For the Mass Spectrometry (MS) laboratory confirmation part of the study, additional drugs within each drug class were tested, and lower cutoff concentrations than recommended by DOT/DHHS were used. Officers also assessed each device on five elements (ease of use, time needed to conduct the test, need for specimen handling, readability of results, and usefulness of the test for routine DUI evaluation). If the urine sample tested positive for any of the five drugs on any of the five devices, the sample was sent to CHT for confirmation. In addition, five percent of the samples that tested negative were also sent for confirmation.
More than one-third (36 percent) of the 800 cases tested positive for at least one of the five drugs on at least one of the devices. The on-site devices generally performed well when compared to each other. There was complete agreement among the devices in 91 percent of the cases.

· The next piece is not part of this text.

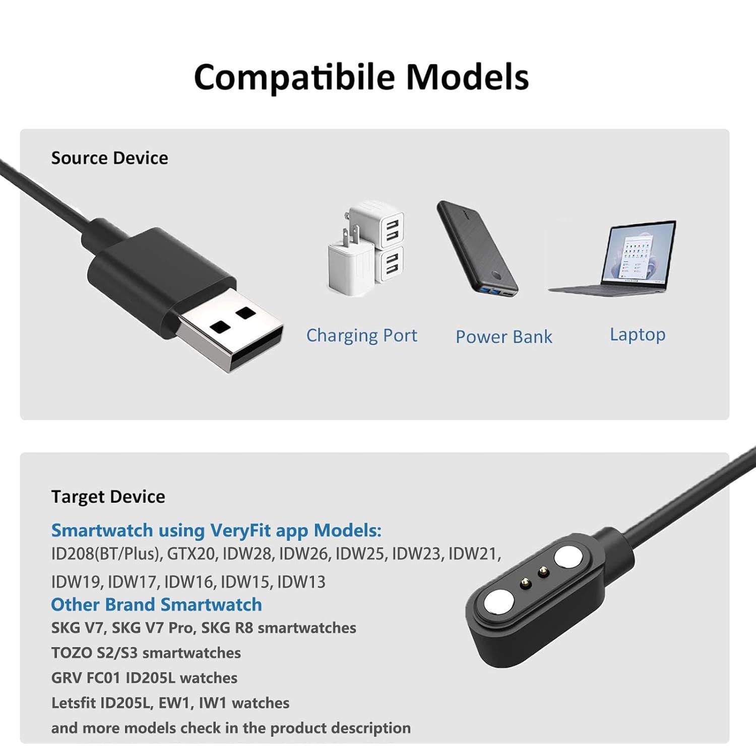 VeryFit Smartwatch Charger, Fit for ID208, GTX20, IDW13/15/16/17, IDW19/20/25/26/28 and More, Replacement Magnetic USB Cable for Fast and Easy Charging, 3.3 ft, (ID-Cable)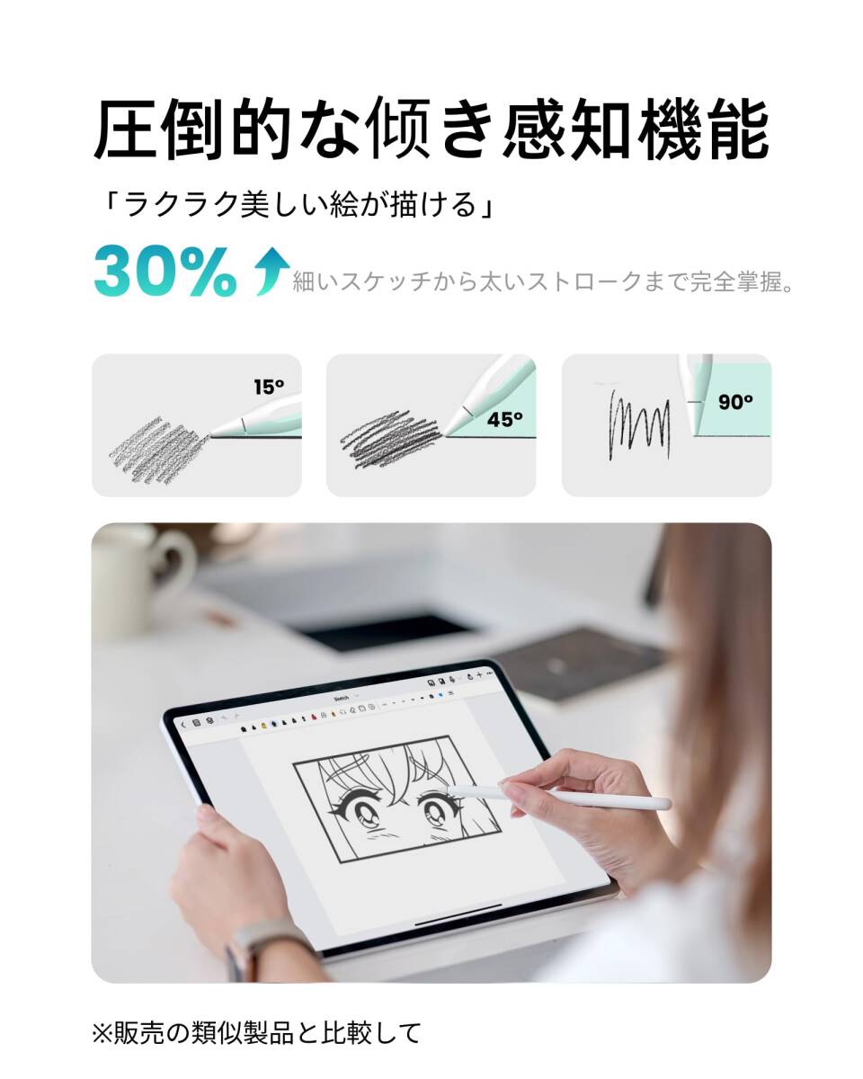 磁気吸着機能 傾き感知 アップルペンシル 鉛筆 極細 超高感度 ペンシル パームリジェクション機能 軽量 iPad 耐摩 iPad

The devices also performed well when compared to MS confirmations across all five drug classes. Table 1 compares the devices to the MS confirmations (conducted on 322 cases). It shows the false positive results, which were recorded when the device indicated a positive result, but no drug(s) or metabolites were detected in the MS confirmation at a sufficient concentration to explain the positive result. Table 2 shows the false negative results, where the device tested negative, but the sample contained the target drug at a concentration above the device screening cutoff. There were no false negatives on any device for the 34 samples that tested negative on all five devices for all five drugs. False negatives, however, were found on those samples that tested negative on some, but not all the devices.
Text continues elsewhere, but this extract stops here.